- Source information:
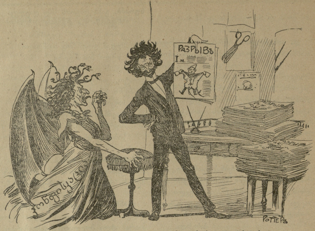
უჰ! უჰ! ცხელ ცხელი ნომრები! აბა! ქუჩაში ჩქარა!

შვალამეა. ცნობილ ბინას ბნელი ბურავს. ყველას ძინავს.
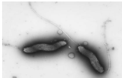
カンピロバクターの電子顕微鏡写真
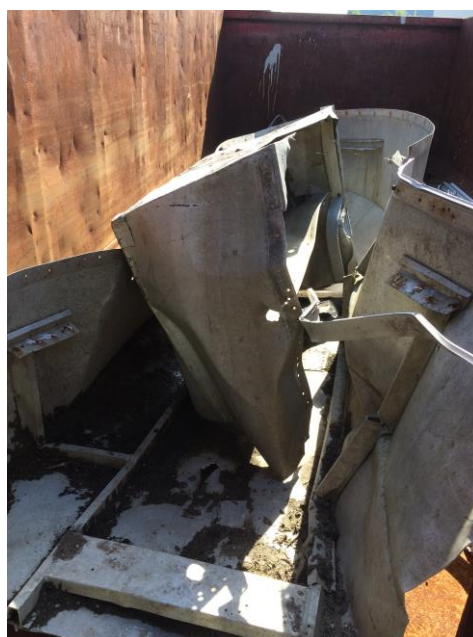
Billed 9: Metalaffald i container
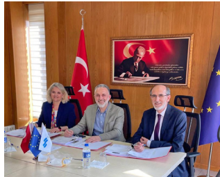
Eczacılık Fakültemizin Önemli Başarısı » 9'da
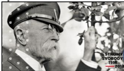
STROMY SVOBODY 1918 2018
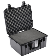
1507WF With Foam
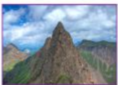
ب) کوه جوان

۷ شکل زیر مربوط به دو کوه است. مقدار فرسایش آنها را باهم مقایسه کنید.
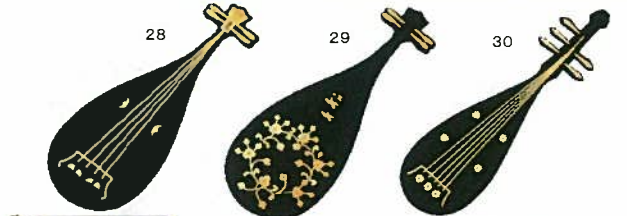
28.29.30.ブローチペンダント 各¥3,996 (桐箱入・18金メッキチェーン付)
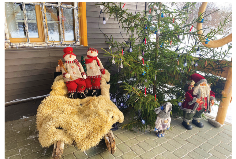
z/s „Selgas” Uguņciemā
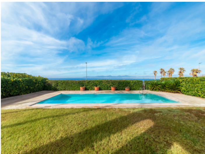
Gepflegter Garten mit Meerblick
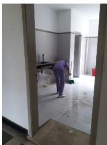
Figura 5: Estudiante de práctica y personal de la Unidad Materno Infantil
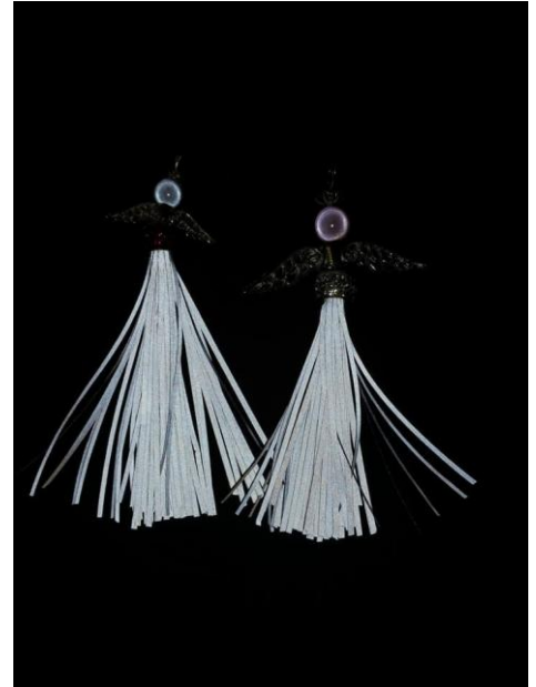
12. ...ja näyt paremmin pimeässä.

HUOM! Heijastava tuote ei korvaa oikeaa heijastinta, joka on CE-merkitty henkilösuojain.
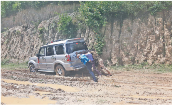
अछामको लुंग्रामा सडक अवरुद्ध भएपछि गाडी धकेल्दै यात्रु ।

नयाँ सडक निर्माण मात्रै होइन, पुराना सडकको मर्मतमा पनि डोजर फैल्यो प्रयोग भइरहेको छ। तर, कुनै पनि स्थानीय तहले डोजर प्रयोगको मापदण्ड भने बनाएका छैनन्। 'कतिपय जनप्रतिनिधिका आफ्नै डोजर छन्। आफ्नो फाइदाका लागि जथाभावी प्रयोग गरिरहेका छन्। पानीका मुहान सुक्ने, वाढीपहिरो जाने जस्ता वातावरणलाई असर पार्ने क्रामा
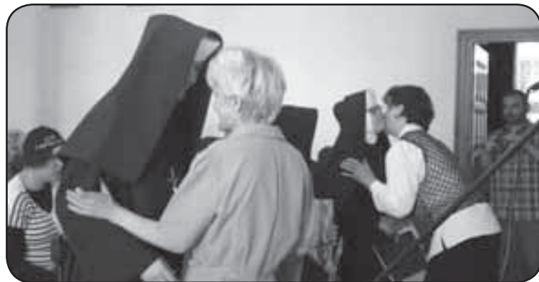
Siostry, pracujące w DPS przy ul. Kruczej żegnali mieszkańcy, dziękując za troskę i serce wkładane w pracę z podopiecznymi

Z miastem i Domem Pomocy Społecznej przy ul. Kruczej, Albertynki pożegnały się ostatecznie w sierpniu.
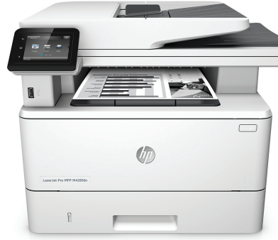
HP LaserJet Pro MFP M426fdn

Hızlı tarama, kopyalama ve faks performansının yanı sıra çalışma biçiminize uygun şekilde tasarlanmış güçlü ve kapsamlı güvenlik. Bu MFP önemli görevleri daha hızlı tamamlamanızı sağlar ve sizi tehditlere karşı korur. 1 JetIntelligence özelliğine sahip Orijinal HP Toner kartuşları size daha fazla sayfa sağlar. 2
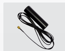
Utomhus GSM vandalsäker antenn
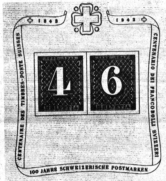
Diesen Herbst feiert die Briefmarke ihr 100jähriges Bestehen. Zu diesem Anlass gibt die Eidg. Postverwaltung vom Februar an einen Zweierblock heraus, die alten „Züri-Vieri“ und „Züri-Sächsi“ darstellend. Der Ertrag kommt der Schweiz. Nationalspende zu gut

Links: Die Berner Meitschi im Jugendlager in Arosa
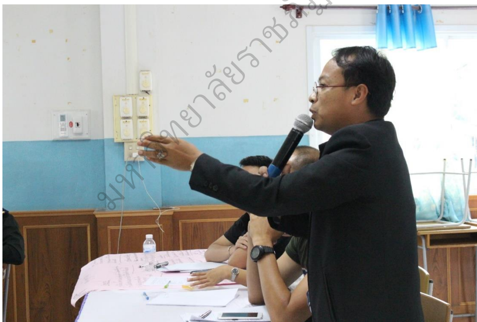
ภาพประกอบ 10 ผู้เข้าร่วมประชุมซักถามข้อสงสัยและวิทยากรให้คำชี้แนะ
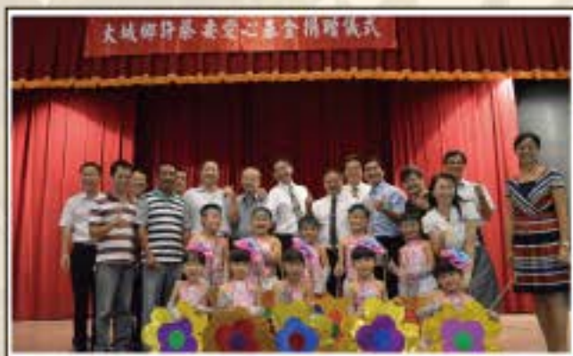
許蔡要愛心基金捐款儀式與長官合照

- Task instructions: Please copy each line of the records above that holds the word "Kruczej".

- Solved problem:
Siostry, pracujące w DPS przy ul. Kruczej żegnali mieszkańcy, dziękując za troskę i serce wkładane w pracę z podopiecznymi
Z miastem i Domem Pomocy Społecznej przy ul. Kruczej, Albertynki pożegnały się ostatecznie w sierpniu.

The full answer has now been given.